I have earlier made a post about information extraction on exchange statements. So far it has been successful using the spaCy matchers but now I want to add some more ML into it since the current model does have its limitations. I first want to be a bit thorough in my explanation so sorry for a long post here.
Input
My input data could be something like (this one has new headlines and bullet points which is not always the case!)
Second quarter - 1 August to 31 October 2019
- Sales in the Nordics increased by 3% to 2,145 MSEK (2,089), organic growth up 3% and total sales were unchanged at 2,165 MSEK (2,157), organic growth up 1%
- Online sales increased 21% to 115 MSEK (95)
- Operating profit, including non-recurring costs and costs linked to the CO100+ action programme, totalled 133 MSEK (33). Excluding the effect of IFRS 16, operating profit amounted to 107 MSEK
- Underlying operating profit amounted to 153 MSEK (124) (excl IFRS 16)
- The operating margin was 6.1% (1.6)
- Net debt/EBITDA excluding the effect of IFRS 16 (12 months) amounted to 0.6 times (0.5)
- Profit after tax totalled 91 MSEK (25)
- Earnings per share amounted to 1.43 SEK (0.40)
- A partnership with Kolonial.no, Norway’s largest online food retailer, started in September
Six months - 1 May to 31 October 2019
- Sales in the Nordics increased by 4% to 4,157 MSEK (3,978), organic growth up 4% and total sales increased 2% to 4,209 MSEK (4,115), organic growth up 2%
- Operating profit, including non-recurring items and costs linked to CO100+ action programme, totalled 212 MSEK (65).
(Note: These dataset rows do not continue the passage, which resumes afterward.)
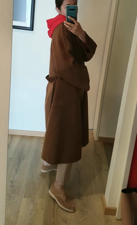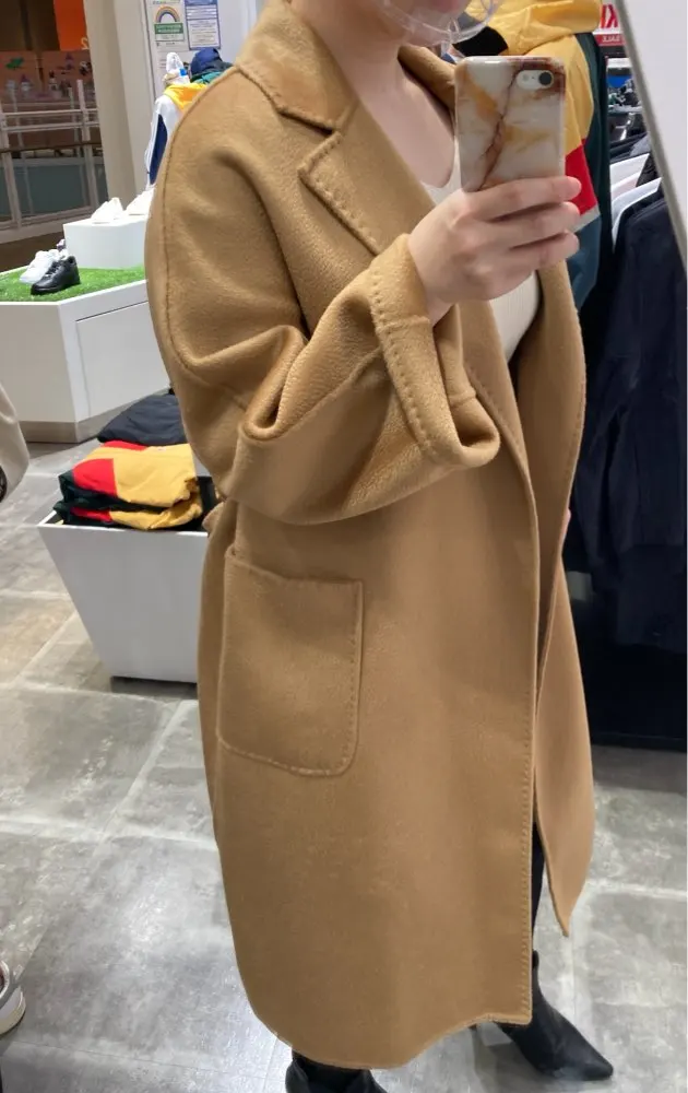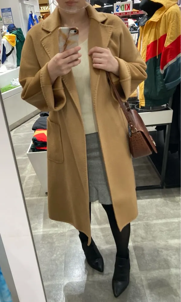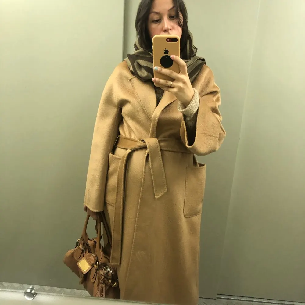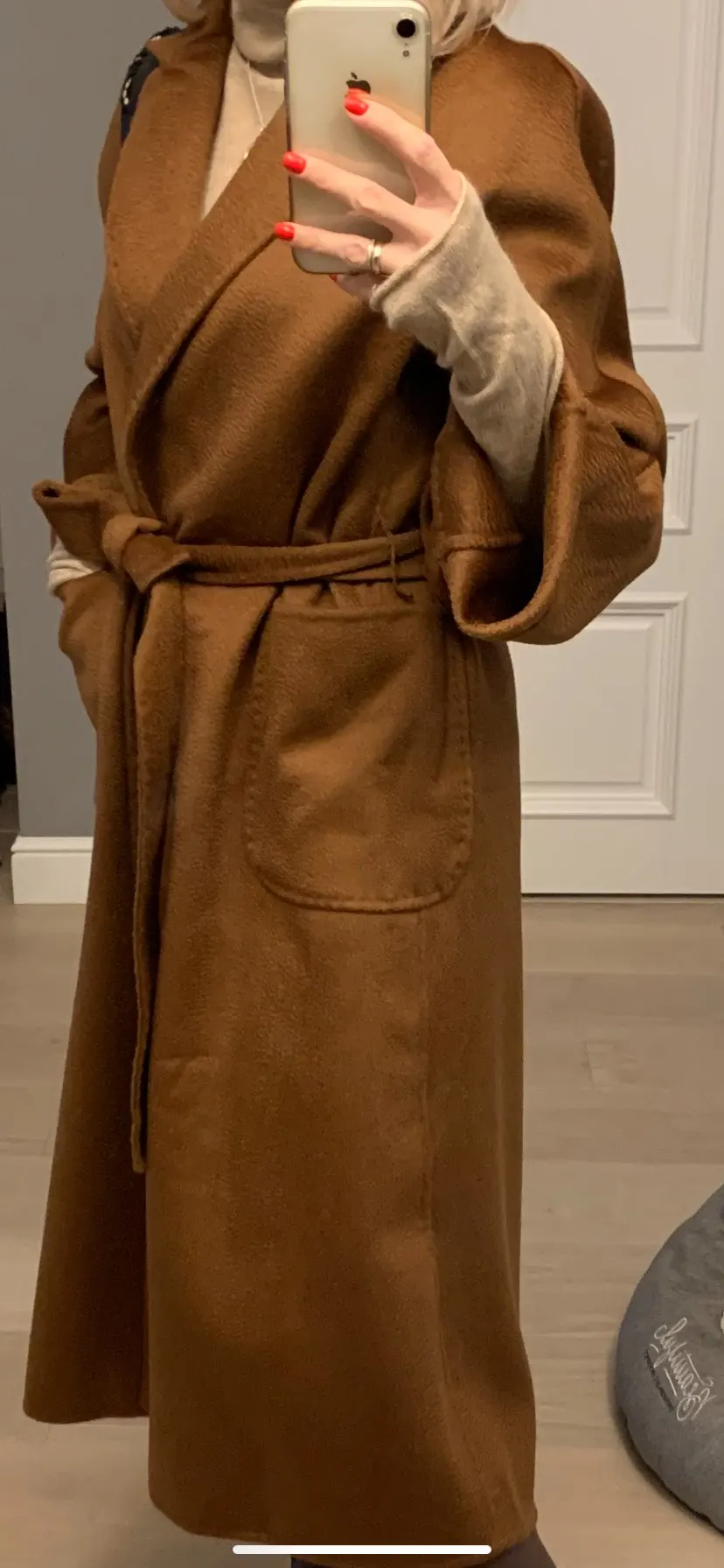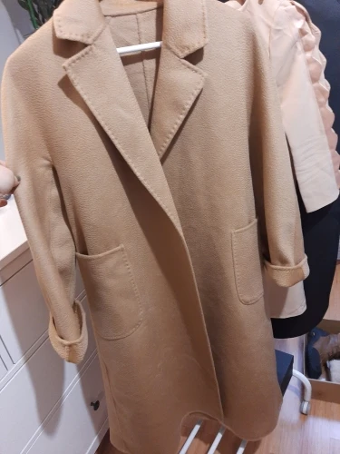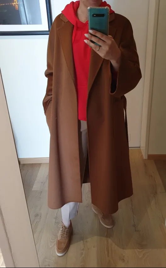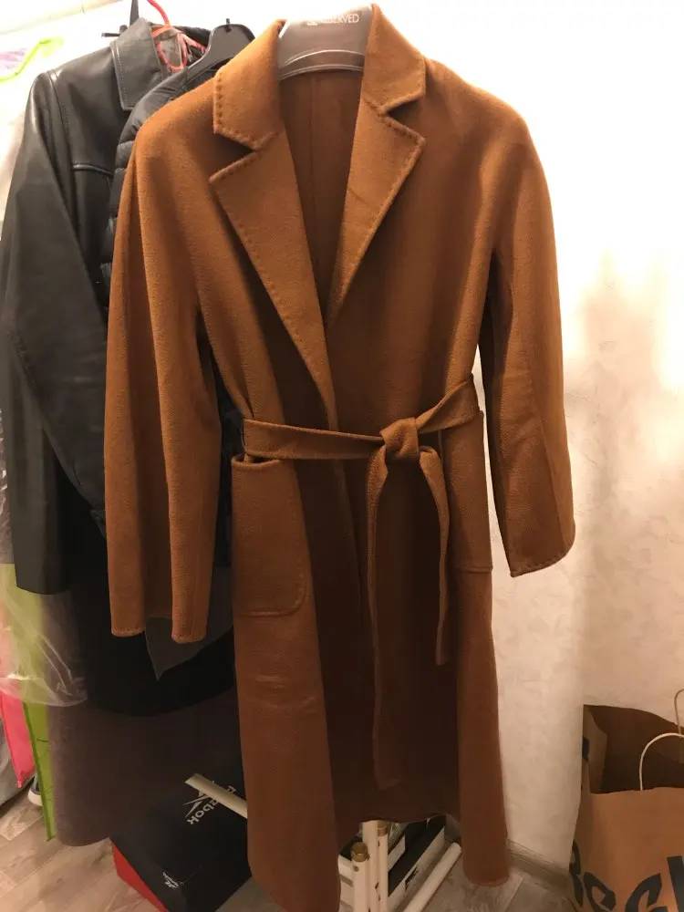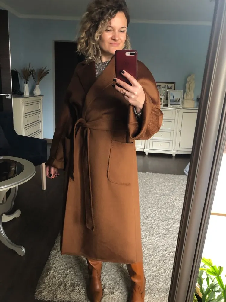 Пальто шикарное! На свой 42-44 взяла М, чтобы спокойно носить на свитера и толстовки. Не пожалела! На рост 167 все рукава, пояс идеально сели. Цвет просто идеальный camel. Супер быстрая доставка до МО меньше чем за 10 дней. Единственное, что, мне не показалось тёплым, от машины до машины в +5. Чуть позже буду носить на тонкий пуховик.
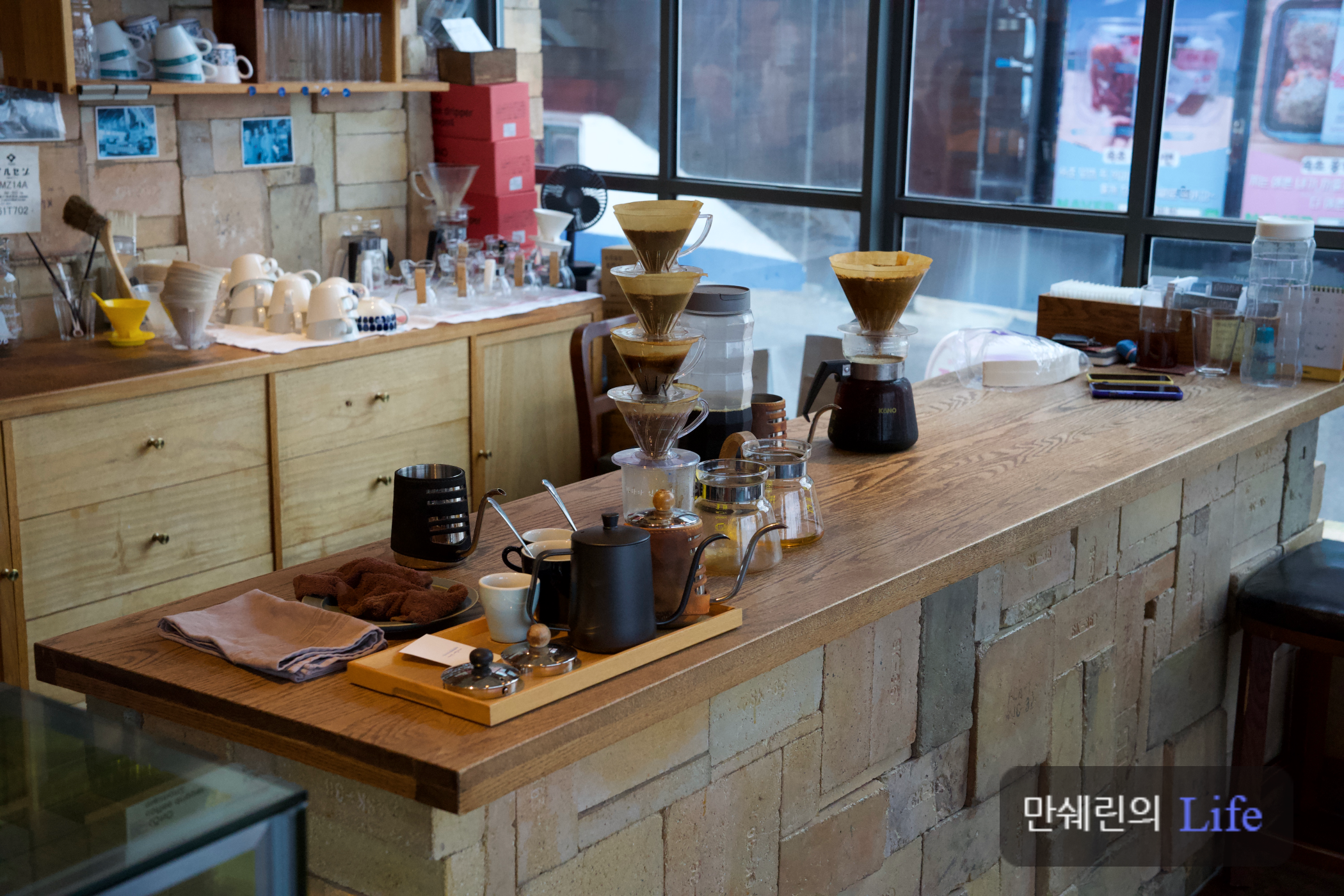 바로 옆에는 핸드 드립을 할 수 있는 드리퍼가 많이 준비되어 있더군요!
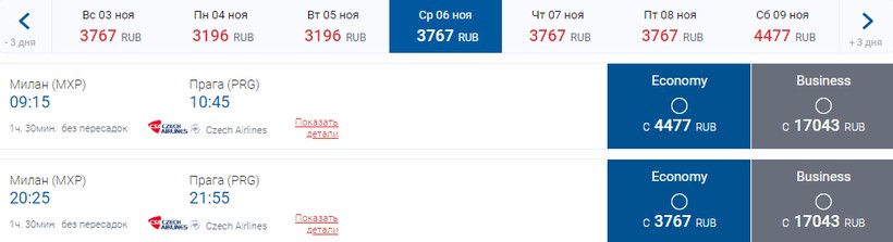 Easyjet (U2 3909) Airbus А321 | 06:10 Милан (MXP) | 1 ч. 30 мин | 07:40 Прага (PRG) | 18, 25 октября |
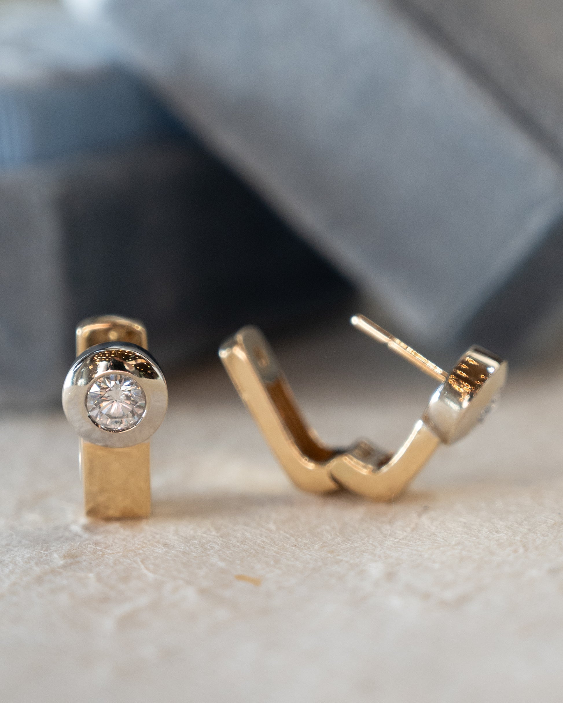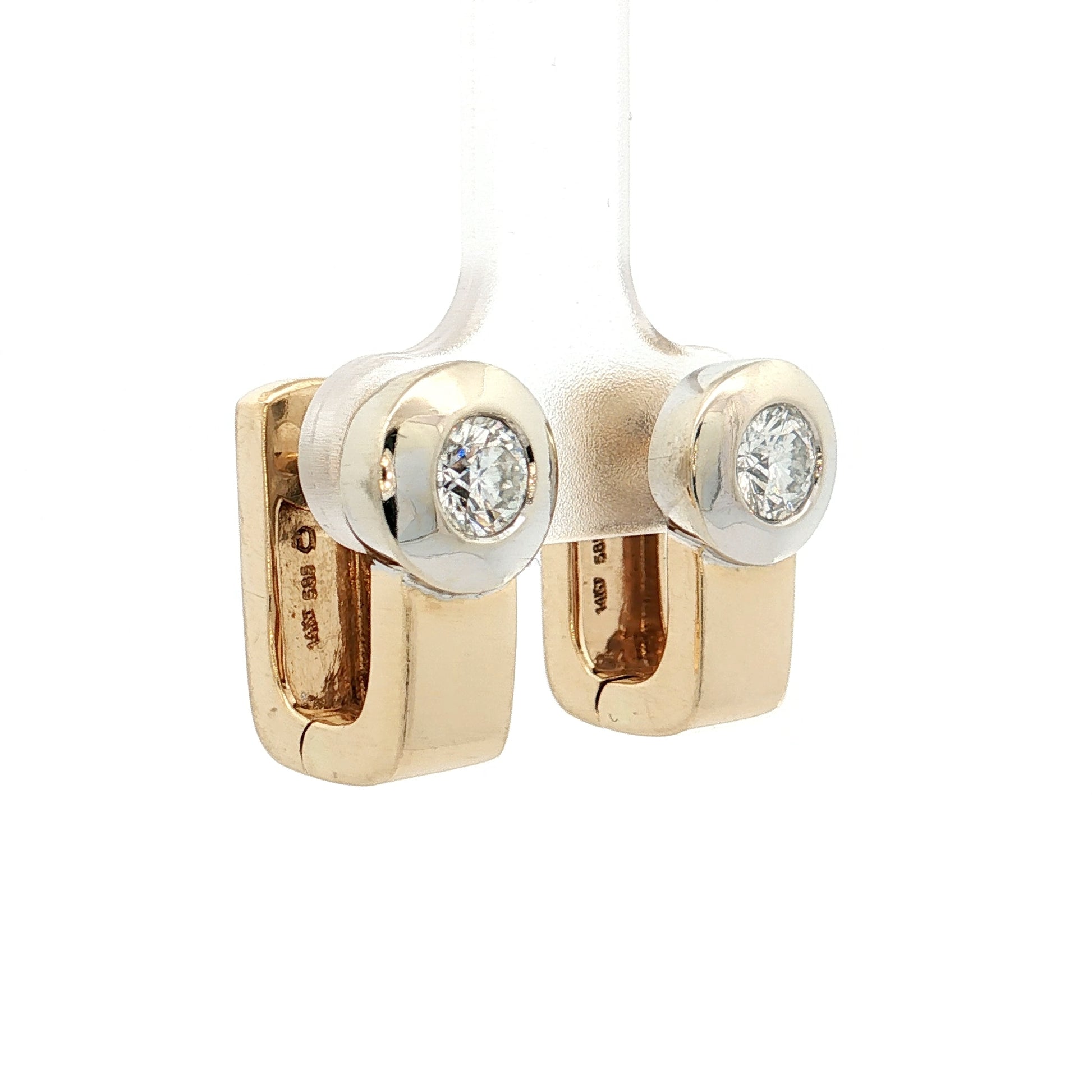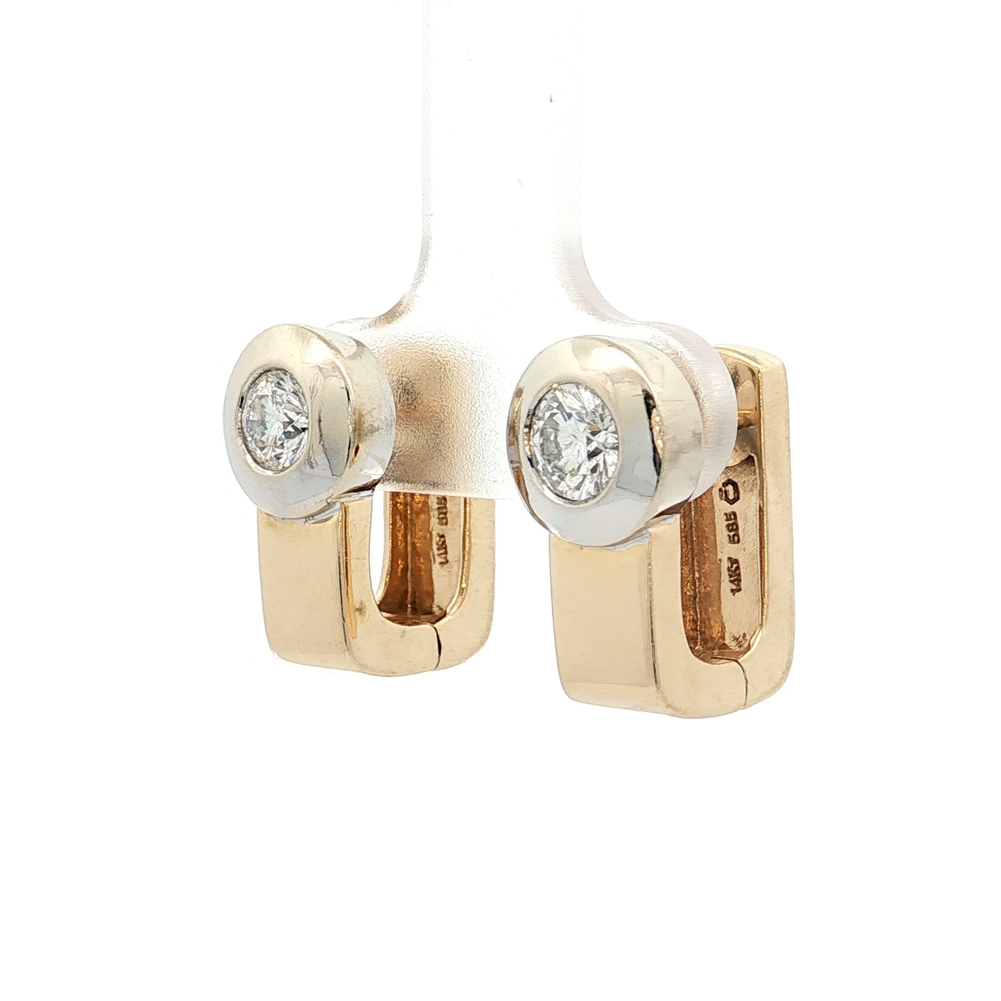 The hoops themselves are made from 14 karat yellow gold shaped in a rectangular profile rather than the typical round tube. This two-tone design pairs the white gold diamond settings against the yellow gold hoops. The huggie style sits close to the earlobe, making them comfortable for all-day wear and secure enough for active lifestyles.
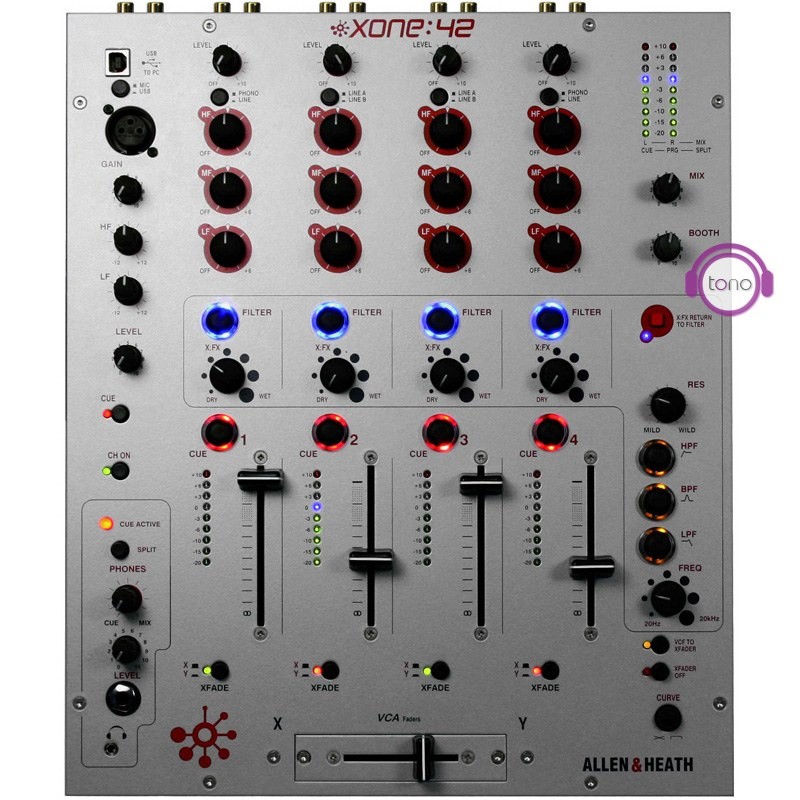 "Разработанный с учетом всех последних DJ технологий микшерный пульт Allen&Heath Xone:42 обладает эргономичной интуитивной структурой, что делает его одним из самых простых в эксплуатации высококлассных микшеров" - комментирует новость дизайнер линии Xone Энди Ригби Джонс. Одна из основных характеристик микшера Allen&Heath Xone 42 это 4 двойных стерео канала: каналы 1 и 4 phono/line и каналы 2 и 3 line/line. Все 4 канала имеют 3-х полосный эквалайзер (+6 дБ), 9-секционный 3-х цветный индикатор уровня сигнала, контроль чувствительности, 60 мм VCA-фейдеры и 45 мм VCA-кроссфейдер. Фильтр Xone регулируется на каждом канале при помощи подсвеченных переключателей с выбираемым режимом фильтра, резонансом и контролем частоты.

Excluding the effect of IFRS 16, operating profit amounted to 159 MSEK
- Underlying operating profit amounted to 244 MSEK (186) (excl IFRS 16)
- The operating margin was 5.0% (1.6)
- Profit after tax totalled 139 MSEK (55)
- Earnings per share amounted to 2.21 SEK (0.87)
Output
From this I want to extract several metrics. E.g. a EARNINGS payload
{'period': 'Q2', 'metric': 'SALES', 'amount': 2165000, 'currency': 'SEK', 'year': 'CURRENT'}
The information is found in this line
Sales in the Nordics increased by 3% to 2,145 MSEK (2,089), organic growth up 3% and total sales were unchanged at 2,165 MSEK (2,157), organic growth up 1%
plus the context of that sentence. Notice that Sales in the Nordics is not of interest.
Proposed model(s)
My idea is to have two types of models
- Local text models that run on smaller paragraphs.
- Context classifiers that determines the context.
Local text models
The input for the local text models would look like the following
Sales in the Nordics increased by 3% to 2,145 MSEK (2,089), organic growth up 3% and total sales were unchanged at 2,165 MSEK (2,157), organic growth up 1%
which should produce an output like
{'period': None, 'metric': 'SALES', 'amount': 2165000, 'currency': 'SEK', 'year': None}
This works pretty good using the matchers, especially determining the currency, multiplier and metric. But to determine the correct amount I imagine training a NER model that locates CURRENT_AMOUNT (current since it should ignore if previous years numbers are mentioned), in this case 2,165.
Context classifiers
The purpose of the context classifiers is to fill in the blanks for each CURRENT_AMOUNT token/span, i.e. determine
year: [PREVIOUS, CURRENT, NEXT]
period: [Q1, Q2, Q3, Q4, HALF-YEAR, NINE-MONTHS, FULL-YEAR, None]
type_of_content: [EARNINGS, OUTLOOK, OTHER]
For this I imagine a feature space where the context up until a sentence is transformed into a vector (weighing possible headlines more than the rest) plus transforming the sentence into a vector and then run three classifiers on that.
For the period I could add MONTH_SPAN as well and then transform that into eg. Q1 which is fine.
Labelling
Now finally to my question. Can I use prodigy effectively for this kind of task?
As I see it I have four labelling tasks
nerlabelling for findingCURRENT_AMOUNTgiven paragraphs.textcat(or justcat?) forperiod,yearandtype_of_contentfor eachCURRENT_AMOUNT
My first challenge though is that the majority of the documents does not have CURRENT_AMOUNT so its tough starting from scratch. Instead I plan to label a whole lot using patterns which would have 50% precision, pretrain a model and then do ner.teach using that model and thereby start collecting data. Would that work?
For the classifier labelling I simply plan to classify for each CURRENT_AMOUNT which should be just fine.
Again I'm sorry for the rather long story here but I hope it makes it clear at least. I'm looking forward to hear any comments as well as answers to my questions regarding the NER labelling strategy.